Afterwards Hamlet finds Claudius at prayer, confessing his sins:

“O, my offence is rank it smells to heaven/It hath primal eldest curse


upon it/A brother’s murder.”

He pulls out his sword and gets ready to kill Claudius. But suddenly
Hamlet changes his mind because if he kills his uncle while he is praying
he will go to heaven, and Hamlet wants him to go to hell. So Hamlet
postpones the execution of his uncle at this point in the play.
The next confrontation between Hamlet and Claudius does not happen
till the end of the book. Claudius hatches a plan according to which
Hamlet and Laertes will have a mock sword fight, but Laertes will be
using a real poisoned sword. Laertes stabs him with the poisoned sword
then Hamlet takes hold of the poisoned sword, and stabs Laertes with
it. Meanwhile Queen Gertrude dies from the poisoned drink intended
for Hamlet. As Laertes lays down dying he reveals to Hamlet that his
uncle King Claudius was behind it all. Hamlet then in a fit of rage runs
his uncle through with the poisoned sword. Hamlet has now finally
revenged his father but too late and at the cost of so many lives.

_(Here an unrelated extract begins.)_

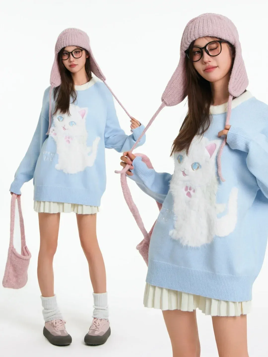 第三张图片表现得较为理想,因为它并非单纯依靠猫的形象。使得整套搭配得以成立的因素是由于上松下轻 的结构:毛线帽、眼镜以及宽松蓝毛衣使得视觉重量都集中在身体的上半部分,下面借助短裙、堆堆袜以及浅粉鞋来进行承托,这样人才不会被毛衣所吞没。

Hamlet fulfills all the conventions of typical revenge tragedy: there is


murder, adultery, insanity, incestuous marriage and faithfulness.
Besides these, there is a melodramatic element also – violence and
bloodshed, terrible and blood-chilling scenes – which is in line with the
revenge tragedy conventions.

Hamlet is not a simple revenge tragedy. Shakespeare has woven


complex threads of the contrasting characters. Shakespeare has
introduced characters like Laertes and Fortinbras that are obviously
foils to Hamlet. Fortinbras, the son of the slain king of Norway, is all hot
for action. He finds “quarrel in a straw” and intends to risk his life even
for an “egg-shell”. He travels many miles to take his revenge and
ultimately succeeds in conquering Denmark. When Hamlet murders
Polonius, another revenge is ready to begin. Laertes is a typical
revenger who is capable of direct and headstrong revenge even at the
cost of damnation.

“To hell, allegiance! Vows to the blackest devil.” , he declares.

If Hamlet feels “Thus conscience doth make cowards of us all”, Laertes


consigns conscience to the devil, and will “cut his throat in the church”.
Hamlet, on the other hand, has to convert the external action of
revenge into one that is internal, free and truly moral.

Summing up, to say Hamlet merely a revenge tragedy would be to do a


great injustice. It would ignore play’s artistic superiority over other plays
of this genre. It is only befitting that its hero falls to the beautiful
heavenly benediction of Horatio:

“And flights of angels sing thee to thy rest.”